A broad range of customer needs
Let us consider the following 4 types of customers and their particular needs.
- Customers who have an exact product in mind, for example, a customer who wants to buy the newly released iPhone X 64gb gold.
- Customers who have a category of products in mind, for example, a customer who wants to buy a rice cooker or a refrigerator. However, the customer does not know which particular product has the right features he needs. Moreover, it is also possible that after some painstaking research, he may realize, instead of a rice cooker, what he really needs is a steamer.
- Customers who have a symptom or a situation but do not know what products can help, for example, a customer who is dealing with insomnia or heartburn, who is concerned with how to get rid of a raccoon in his garden, or who is panicking at the eleventh hour about a Valentine’s day gift.
- Customers visit malls even if they do not have anything in mind to buy. They believe in serendipity. They want to be informed, inspired, enlightened and entertained, but generally they just want to spend some time and have fun. How would e-commerce serve this need?

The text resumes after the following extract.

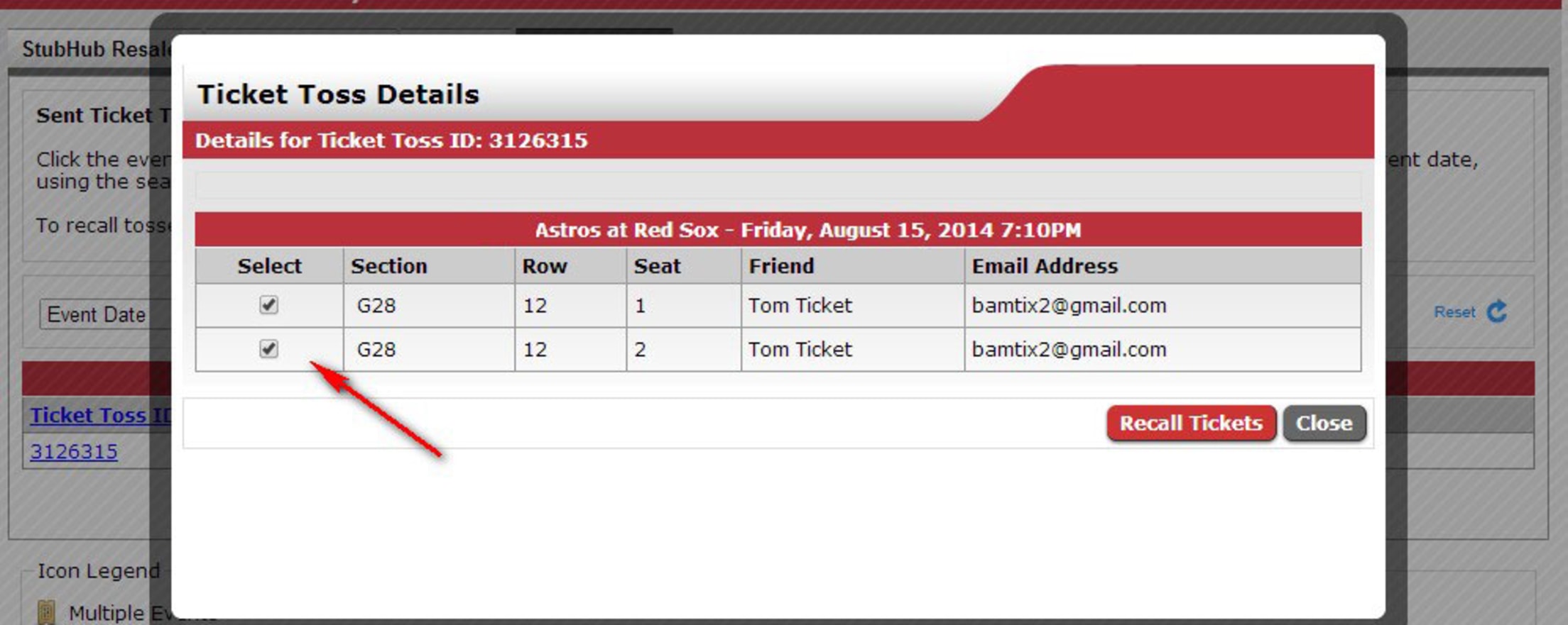 Now you can Recall previously tossed tickets meaning you can pull tickets back in to your account to resell, toss to a different friend, or print to enter the game! To Recall a ticket:

Current e-commerce experience
E-commerce platforms provide a search-centric experience: A customer describes his shopping intent by a keyword query, and the search engine interprets the query and returns relevant products to the customer.
For customers who know the exact product they want to buy, keyword search does a reasonable job. The problem is, customers do not always know the exact product they want to buy. More likely what they have in mind is a type or a category of products, for example, rice cooker or red wine.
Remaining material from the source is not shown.